***** Information supplied *****

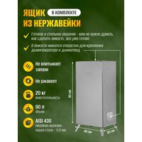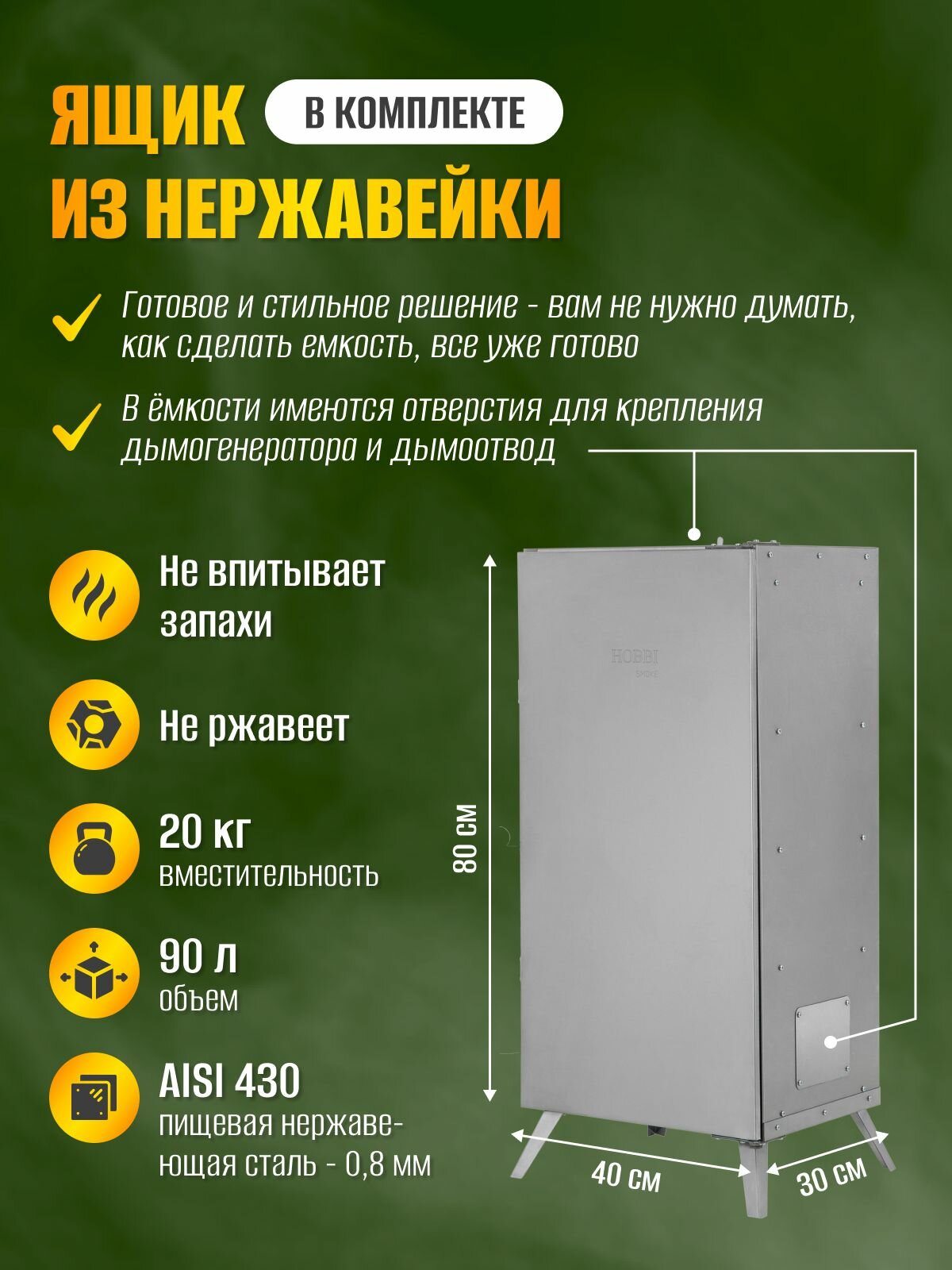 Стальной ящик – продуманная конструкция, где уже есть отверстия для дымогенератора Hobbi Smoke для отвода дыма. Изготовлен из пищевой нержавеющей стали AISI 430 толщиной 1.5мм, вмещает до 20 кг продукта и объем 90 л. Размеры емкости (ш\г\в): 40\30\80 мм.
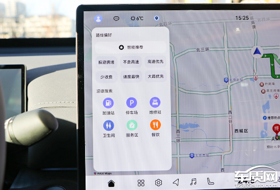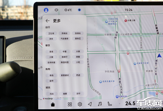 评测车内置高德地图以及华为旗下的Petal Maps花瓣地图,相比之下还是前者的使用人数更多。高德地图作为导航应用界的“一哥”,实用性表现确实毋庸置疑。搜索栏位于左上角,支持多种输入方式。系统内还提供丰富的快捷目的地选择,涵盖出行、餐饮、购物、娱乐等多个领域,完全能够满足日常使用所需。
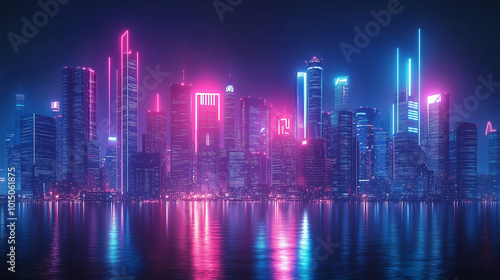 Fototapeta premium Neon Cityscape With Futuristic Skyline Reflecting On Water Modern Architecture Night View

*****

How to complete this task:
Transcribe only the lines from the line holding "评测车内置高德地图以及华为旗" to the final line of the listing above. Keep them exact, include both ends, and skip the pictures.

Answer to this problem:
 评测车内置高德地图以及华为旗下的Petal Maps花瓣地图,相比之下还是前者的使用人数更多。高德地图作为导航应用界的“一哥”,实用性表现确实毋庸置疑。搜索栏位于左上角,支持多种输入方式。系统内还提供丰富的快捷目的地选择,涵盖出行、餐饮、购物、娱乐等多个领域,完全能够满足日常使用所需。
 Fototapeta premium Neon Cityscape With Futuristic Skyline Reflecting On Water Modern Architecture Night View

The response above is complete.